Ingmar Bergman – Part Three
Besides being aman of Theatre and Film Bergman was also a man of letters. In fact one could even argue that most of his films though cinematic in nature were also literary at their foundations. And of course he was a playwright too. His adaptations of Strindberg’s Miss Julie, The Ghost Sonata, A Dream Play along with his version of Ibsen’s A Doll’s House called Nora reflects his literary skills as much as they echo the original authors. Then there were the short plays, the monologues and other works like In the Presence of a Clown (1997), The Last Scream and After the Rehearsal (1984) that were his own original creations. Many like his one act play Painting on Wood became the foundation for some of his celebrated films. That one evolved into The Seventh Seal (1957)
The literary Bergman is on display via the publications of the scripts from many of his best known films because they are viewed as valuable literary works as well as the outlines/floor plans for all those critically acclaimed films. I have read just about everyone that’s been translated into English and can attest to their value as worthwhile literary works. I particularly like the group collected under the title Four Stories by Ingmar Bergman published by Anchor Press/ Doubleday in 1976. It contains the scripts for The Touch, Cries and Whispers, The Hour of the Wolf and The Passion of Anna. What’s interesting about this collection is that the various film scripts are not written in the standard format that we have become accustomed to. They are written in various forms and styles because as he said once “A screenplay can never express what the film wants to convey.” So instead he writes his scenarios sometimes as a novella, as short stories as diary entries and in the case of Cries and Whisper (1972) as a long letter to the cast and crew which begins this way:
“My Dear Friends, We are going to make a film together. It will look different from our other works and this scrip will also look different. We shall try to strain the medium’s resources in a rather complicated way. More than usual therefore I must tell you what it is I’m after; then we can get together and talk over how we are to give shape to our problems, cinematographically and artistically.”
He then proceeds for 60 pages to not only tell the story and describe the characters but he also explains where the ideas and the images came from and sometimes the inspiration for them
. “The scene just described has haunted me for over a year. I didn’t know the names of the four women and why they were dressed in white dresses that flowed to their feet, or why they moved about in a gray morning light in a room with red walls.”
The script of Hour of the Wolf (1968) is in the form of a play comprised of a Prologue and Two Acts. The Passion of Anna (1969) is told in the first person… “My name is Anna, I am forty eight. I remember it was a sultry October day.” etc.

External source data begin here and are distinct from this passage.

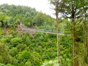 The Timber Trail, on Te Haerenga, the New Zealand Cycleway, is an 84 km, 2 day mountain bike ride that, after three years, is already attracting over 8000 riders per year to Pureora Forest Park, in the central North Island.  The Trail opened in 2013, at a cost of $5 million. It includes several specially built pedestrian and cycle swing bridges spanning spectacular gorges, including New Zealand’s longest at 141m.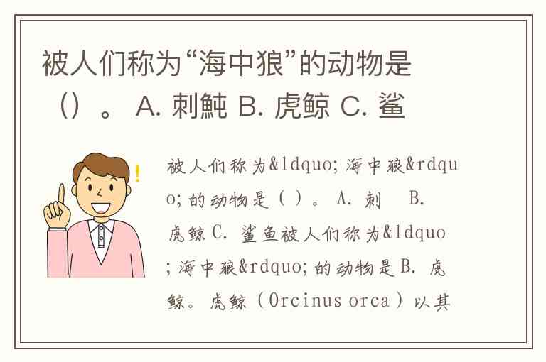 被人们称为“海中狼”的动物是()。 A. 刺魨 B. 虎鲸 C. 鲨鱼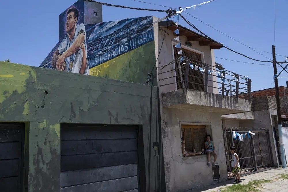 Một bức vẽ graffiti ghi: “Từ một thiên hà khác và từ khu phố của tôi”, phía xa là một bức tranh tường lớn vẽ siêu sao 35 tuổi ngước lên bầu trời. Đó là bức tường phía bên phải của ngôi nhà cũ, nơi Lionel Messi lớn lên trong những ngày thơ ấu.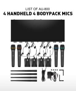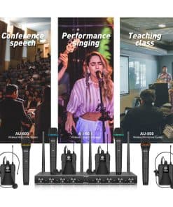 1. Estos productos de la serie adoptan frecuencia UHF y utilizan la frecuencia común estándar internacional que puede ser utilizada en todo el mundo. 2. Debido a la baja frecuencia y muchas razones, los micrófonos inalámbricos tradicionales suelen ser perturbados por muchos factores, especialmente por la variedad de armónicos que emiten los CD/DVD/VCD/LD y cualquier otro equipo digital. 3. El circuito de silenciamiento generalmente analiza la intensidad del canal de frecuencia RF en lugar del ruido y la señal necesaria. Al usar el micrófono inalámbrico tradicional en un entorno complejo o cuando la señal del micrófono es débil o el micrófono está cerrado, el circuito de silenciamiento puede abrirse repentinamente, lo que hace que el receptor envíe una fuerte ráfaga de ruido. 4. Es ideal para iglesias, escenarios de DJ KJ pequeños, cumpleaños, bodas o fiestas familiares, conferencias, salones de clases, noches de karaoke pequeñas, etc. 5. Lista de empaque: receptor inalámbrico 1, micrófono de mano 4, bodypack 4, micrófono de diadema 4, micrófono de solapa 4, antena 4, cable de audio 1, fuente de alimentación 1, codificación de ángulo 2, tornillos 4, manual 1.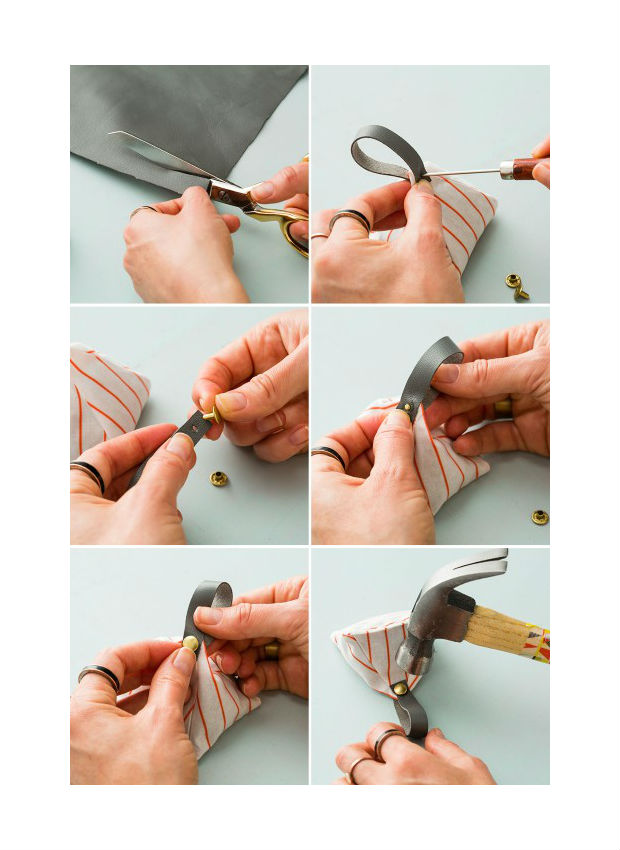 Corte uma tira de couro sintético e perfure-a com o furador.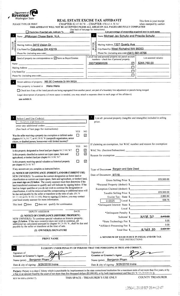 | 4 | 09/28/2018 | BARGAIN & | BARGAIN & SALE DEED | JPMORGAN CHASE BANK NATIONAL ASSOC | SCHULTZ MICHAEL JAY & PRISCILLA | | | $223,500.00 | 135641 | 2018-08106 |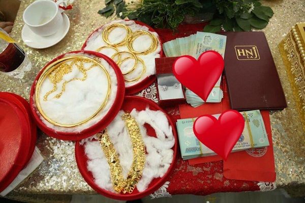 Mới đây mạng xã hội lại tiếp tục chứng kiến loạt ảnh cô dâu được tặng quà cưới khủng từ gia đình hai bên, khiến người xem không khỏi ”bàng hoàng”. Cụ thể, trên người cô dâu là đầy những vòng vàng, bông tai… còn trên bàn là những xấp tiền mặt mệnh giá lớn.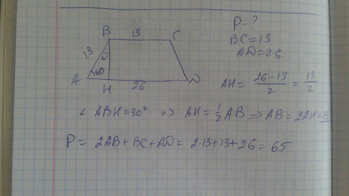 В равнобедренной трапеции основания равны 13 и 26, острый угол равен 60 градусов. Найдите ее периметр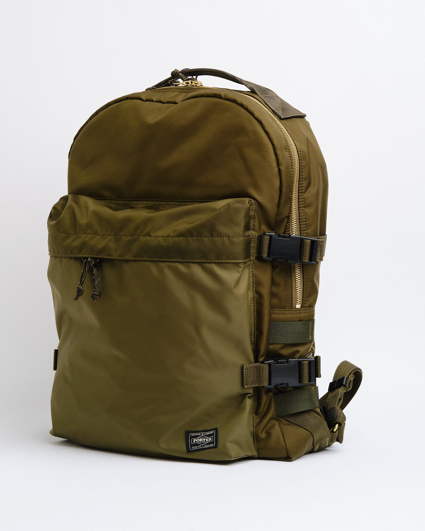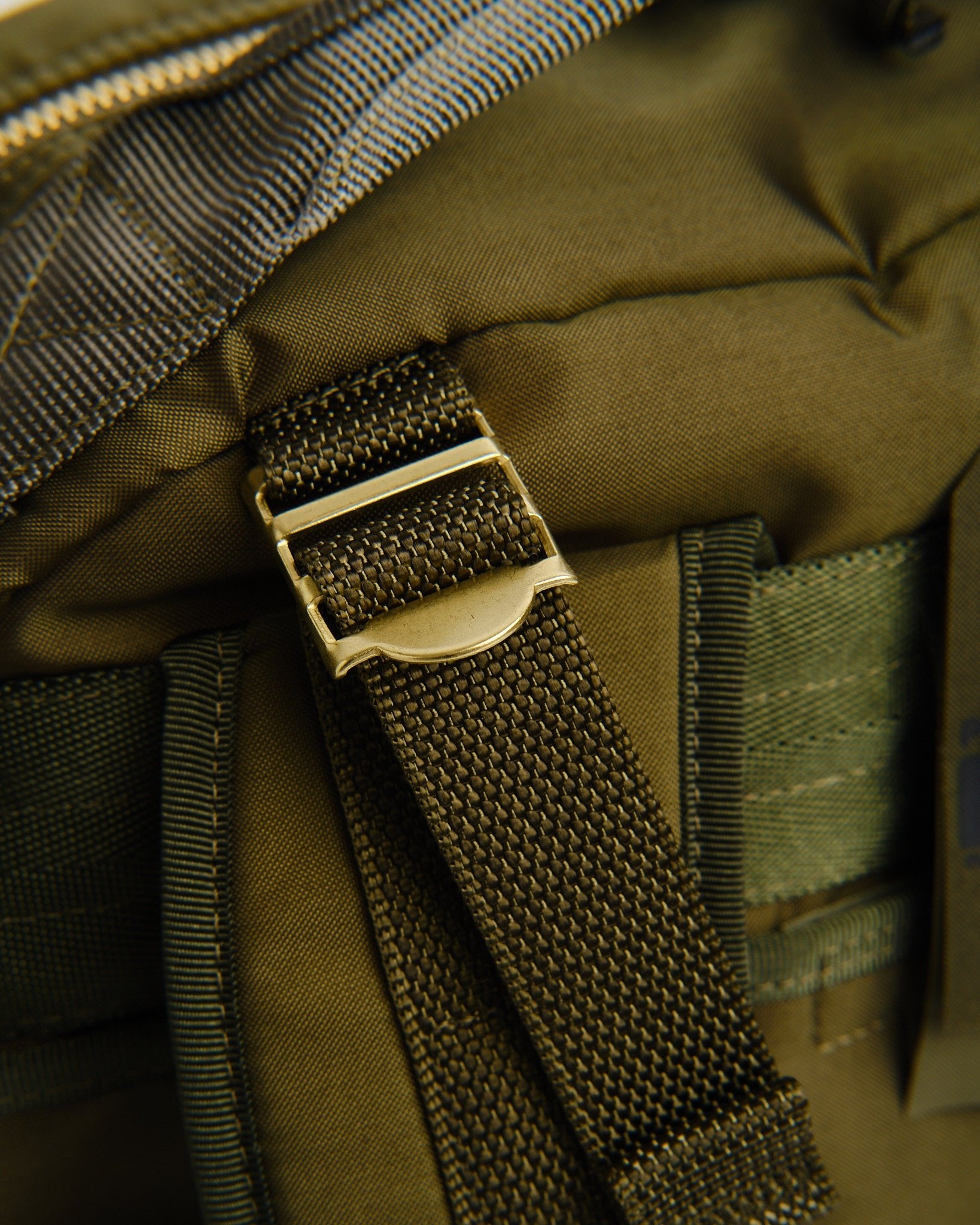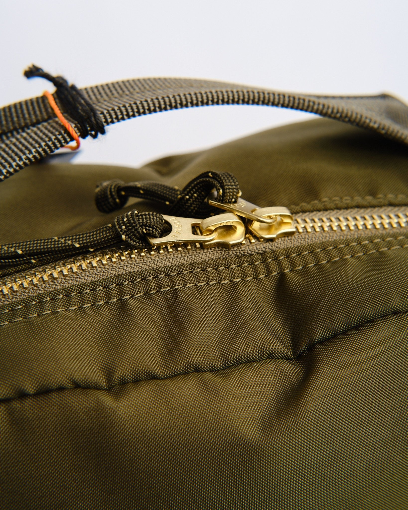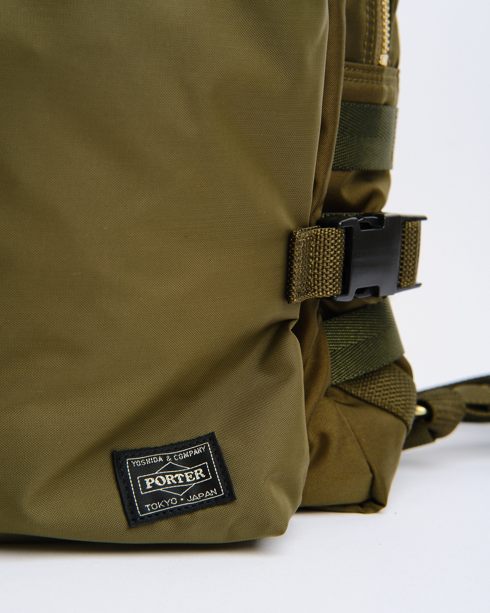 De PORTER BY YOSHIDA Force Daypack maakt deel uit van de PORTER FORCE serie, geïnspireerd door militaire esthetiek en de toevallige kleurverschillen die in militaire goederen worden gevonden. Een opvallend kenmerk van dit ontwerp is de subtiele kleurvariatie tussen de stof van het voorvak en het hoofdlichaam, waardoor het lijkt alsof er verschillende stofpartijen worden gebruikt. Deze serie viert de onregelmatige kleurenschema's die in militaire kleding en accessoires worden gevonden.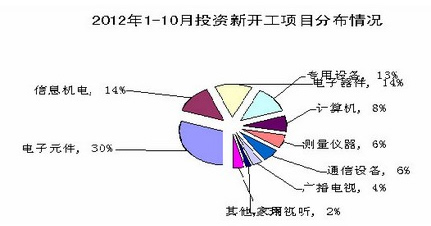 1-10月,電子信息產(chǎn)業(yè)新開工項(xiàng)目6395個(gè),同比增長(zhǎng)7.1%,比去年同期下降54.8個(gè)百分點(diǎn)。其中廣播電視設(shè)備、計(jì)算機(jī)和電子測(cè)量?jī)x器行業(yè)新開工項(xiàng)目數(shù)增長(zhǎng)超過(guò)100%,電子器件和信息機(jī)電行業(yè)新開工項(xiàng)目下滑近20%。
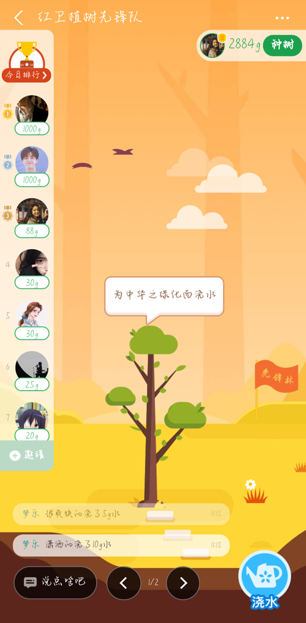 此外,红会卫校团委积极通过支付宝蚂蚁森林平台,建立“红卫植树先锋队”,倡导全校师生共同通过“体育运动、线上支付、网络购票”等绿色环保行为减少碳的排放量,并通过环保行为获得的“绿色能量”,在手机里种植一棵棵虚拟大树。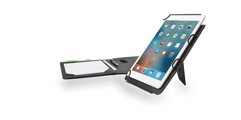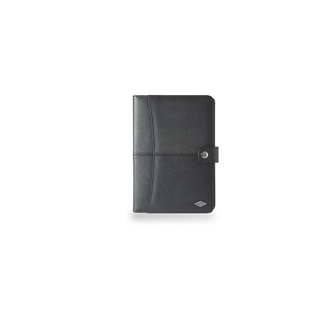 - Magnetic closure with retractable strap, detachable tablet holder with cut-outs for lenses, foldable presentation stand, A5 document pocket, card compartments, pen loop, A5 writing pad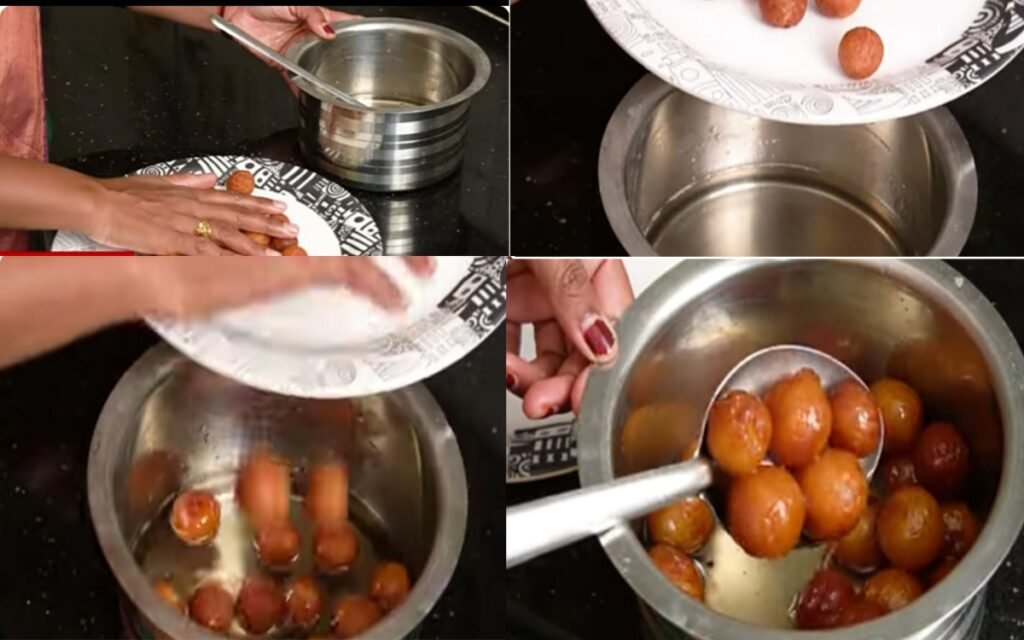 Unlike ready-mix jamuns, the host recommends letting both the fried jamuns and the sugar syrup cool slightly (lukewarm) before combining them.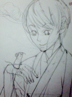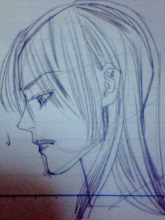 みみずくさんに応援を頂いて、久しぶりに絵を描くことにしました。しばらく描いてませんでしたね。たしかブログにはアップしてなかったかもしれないけど最後に落書きかなんかしたのが12月16日だったような…10日ぐらい描いてなかったんですね。で描いてみたんですが、久しぶりだったものでカンとかが狂ってるかなー、と思いましたが結構イケました(と自分では思うのですが)。横顔にも挑戦。どうでしょう?ちょっとアゴが長い?あ、ていうかこれ生首状態ですね、恐いな。

Another book someone interested in the literary Bergman might want to peruse is The Fifth Act published by The New Press in 1996. Then there are the novels: Best Intentions, and Sunday’s Children
both published in the by Arcade Publishing in 1994.Then came Private Confessions in 1997.His best known books are his autobiography The Magic Lantern (1989) Penguin Books and Images (My Life in Films) published by Arcade in 1994. This is a book in which Bergman looks back at selected films from his long career dividing them into categories with titles like Dreams Dreamers, First Movies, Farces Frolics etc. and comments individually on each addressing how it came about, the reception the film received and what he thinks about it now. In effect it is his summing up of his career and provides some wonderful insights into his creative process. I am so pleased with the book that I wish that every director with a substantial body of work would follow his example and provide us with assessments of their careers and the films they consider to be important examples of their creative output. And comment on them in the detail that Bergman does in his book Images…For example I would’ve really liked it if Sidney Lumet in his senior years had provided us with such a document. His book Making Movies (1996) is wonderful but it didn’t go into his works in any real critical detail because that wasn’t its purpose. A book like that from a man like Lumet would’ve provided a resource not just to critics and academics but to film students who are hungry for guidance and inspiration. As I see it the literary Bergman has shown us the way we just need to walk in his footsteps and make the trip into our own journey of creative discovery.